The inflight screen’s pixilated plane crosses the Atlantic in a slow yellow line and I start to cut my own New York montage. Opening scenes in black and white with a Woody Allen voice-over. Cut to limitless with Bradley Cooper pushing an index finger into Robert de Niro’s chest on the Upper East Side. Pan left to Natalie Portman anxious on a railway overhanging in her dance rehearsal track-suit. There’s intersections of B-Roll NYBD cops jumping over rooftops and the bar scene from How I met your Mother with Barney Stinson serving pick-up lines over pizza. I imagine my first moments in the city as a powerwalk out of a midtown subway with steam rising from the streets and the Woody Allen voice-over still self-deprecatingly narrating. The reality flirted through it’s own romantic cliché’s including an arrival thunderstorm and hauling luggage up narrow wooden stairs to the overture of a bass guitar noodling through the drizzle while the metallic tracks of trains echo across Manhattan Bridge. On a sleeper couch that could double as a medieval torture rack I think about the neighbours within a handshake. Then their neighbors within a handshake. Neighbors and handshakes for 250 blocks.
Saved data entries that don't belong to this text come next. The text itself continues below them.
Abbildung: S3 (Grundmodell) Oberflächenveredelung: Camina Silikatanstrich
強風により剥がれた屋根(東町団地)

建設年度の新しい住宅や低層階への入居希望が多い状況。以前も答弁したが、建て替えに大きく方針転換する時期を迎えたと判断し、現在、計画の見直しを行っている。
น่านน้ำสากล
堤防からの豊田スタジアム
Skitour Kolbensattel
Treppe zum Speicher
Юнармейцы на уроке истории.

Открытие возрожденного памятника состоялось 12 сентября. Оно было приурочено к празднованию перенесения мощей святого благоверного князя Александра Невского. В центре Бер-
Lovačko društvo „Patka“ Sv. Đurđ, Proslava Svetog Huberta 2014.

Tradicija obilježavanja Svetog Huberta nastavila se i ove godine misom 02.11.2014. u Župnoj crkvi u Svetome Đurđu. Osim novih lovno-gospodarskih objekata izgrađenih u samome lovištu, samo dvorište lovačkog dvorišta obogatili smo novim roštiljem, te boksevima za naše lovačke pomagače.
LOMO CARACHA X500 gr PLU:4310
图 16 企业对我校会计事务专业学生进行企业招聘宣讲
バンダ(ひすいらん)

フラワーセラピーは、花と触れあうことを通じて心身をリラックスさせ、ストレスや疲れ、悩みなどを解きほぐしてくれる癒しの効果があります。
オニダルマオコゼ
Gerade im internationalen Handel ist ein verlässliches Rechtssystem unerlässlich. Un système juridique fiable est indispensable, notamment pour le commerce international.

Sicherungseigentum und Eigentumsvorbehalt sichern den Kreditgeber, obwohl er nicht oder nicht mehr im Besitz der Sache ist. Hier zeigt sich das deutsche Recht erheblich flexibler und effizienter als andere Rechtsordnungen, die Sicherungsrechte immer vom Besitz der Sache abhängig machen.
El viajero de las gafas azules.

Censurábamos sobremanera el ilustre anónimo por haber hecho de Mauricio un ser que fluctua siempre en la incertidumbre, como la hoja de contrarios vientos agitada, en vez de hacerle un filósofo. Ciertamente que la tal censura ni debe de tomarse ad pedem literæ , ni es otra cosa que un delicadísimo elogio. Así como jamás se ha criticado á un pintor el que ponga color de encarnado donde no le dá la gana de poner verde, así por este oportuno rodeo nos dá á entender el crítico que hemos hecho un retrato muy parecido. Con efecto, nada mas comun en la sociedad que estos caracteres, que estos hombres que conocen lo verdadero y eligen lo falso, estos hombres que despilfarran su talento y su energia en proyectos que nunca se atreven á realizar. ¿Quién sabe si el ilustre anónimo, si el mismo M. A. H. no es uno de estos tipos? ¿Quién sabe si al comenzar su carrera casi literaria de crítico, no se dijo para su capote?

New Yorkers were unexpectedly friendly, look-you-in-the-eye, open and engaging. I didn’t sleep for 10 days but Guinness Book of Records explained how a nut had survived a rocking a chair for 17 days straight. Flashbacks and hallucinations of names. Dudleys. Dresden. Saturdays. Balthazars. Mighty Quinns. Lost NYC. Saxon + Parole. Ralph Lauren Vintage. Williamsburg market chicken, waffle and sideboob. Temper 8 Trap spilling tunes all over hot crowds and cold beer. The city sticks it’s fingers in your eyes. Constantly trying to grab your attention. Even the construction workers digging up the road have a cool logo. In the Meatpacking District there’s an expensive polish to the curated decay and you notice Google and Apple making an effort signature on the street. Celebs spin past in chrome-wrapped supercar under the urbanists bookmarked architectural references, the Highline gardens. A smooth warping Scary Red Guy sculpture blossoms in the centre of dollars to the power of tech. The evening beer garden I was thrashed by the Ducati motorbike design legend while girls dance to G6 something about my G6.

New York feels like a right of passage with it’s rites of photographs, stories, cards, badges and slices of stories you half remember about sipping Brooklyn’s best, mingling in Manhattan mad and burnt both sides of a three dollar hotdog. Climbing up four floors of fire escape at four in the morning to find our passports was a suitable denouement.